The above issues are discussed in this part with first, the introduction of shortage of medical doctors. This is followed by a focus on some factors that could lead to shortage before discussing migration and then by the on-going related policies.

Such components are likely to allow for an overall understanding of the links between shortage, migration and education besides the overall policies governing education, migration and health.

This problem has been identified and excessively discussed with the publication of the WHO report (2006) with the analysis of the patterns, issues and trends related to the workforce operating in the health systems. Among the background papers in this report, there is the one by Dal Poz, Kinfu, Drager and Kunjumen (2006) that dealt with counting health workers through data with showing the global results. The most promising publication on labor markets for the health workforce is the recent book edited by Soucat, Scheffler and Ghebreyesus (2013). While the book focuses on Africa, it provides important insights about the analysis of the health systems.

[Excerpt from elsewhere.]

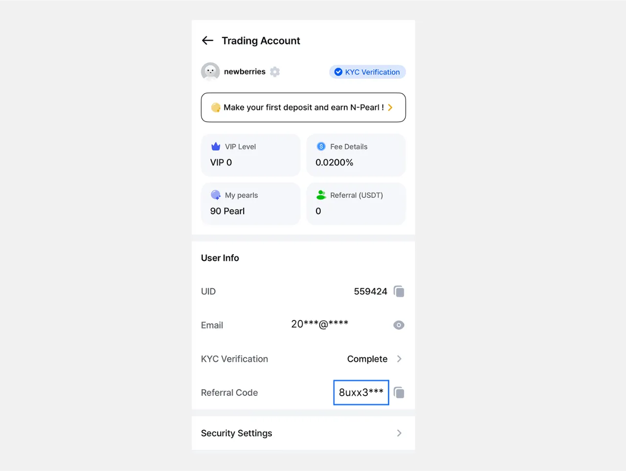 Sau khi hoàn tất KYC Bước 1, bạn sẽ được cấp một mã giới thiệu riêng. Bạn có thể tìm thấy mã này tại mục [Tài khoản giao dịch] hoặc [Giới thiệu].

Ranson, Chopra, Atkins, Dal-Poz and Bennett (2010) argue that since human resources account for approximately 70% of recurrent expenditure in most health systems, inadequate human resource training, regulation, distribution and management can have enormous implications. To the authors, poor developing economies suffer from shortage of health-care providers and from the poor distribution of providers within the same country. These concern disparities in the distribution of health workers between regions, between rural and urban areas, and between public and private sectors. In Algeria with 8% of the population in Algiers, 24% of specialist physicians are located in this city. Similarities are found in other countries (Argentina, Egypt, Uganda and Tanzania). The working time, the level of efficiencies between private and public sectors are also discussed as expressions of implicit discriminations. But, to the authors this is a more general trend that is exaggerated in poor developing countries.

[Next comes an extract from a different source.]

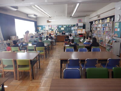 5年生:図書室で読書に親しんでいます。伝記や図鑑など、それぞれの楽しさを感じてほしいと思っています。

Ranson, Chopra, Atkins, Dal-Poz and Bennett (2010) have discussed the priorities for research on human resources for health in low and Middle income countries. The authors have used interviews of different stakeholders to find out about the major problems facing health workers and the type of research priorities needed. Twenty-one research questions are identified with some have never received attention in the reviewed literature. They include incentives for retention and attraction of health human resources to underserviced areas, the impacts of multiple employments and the use of optimal incentives to enhance quality of health care. A clear consensus about the type of policy problems faced by different countries and the nature of evidence needed to tackle them. Coordinated action to support and implement research into the highest priority questions identified here could have a major impact on health worker policies and, ultimately, on the health of the poor.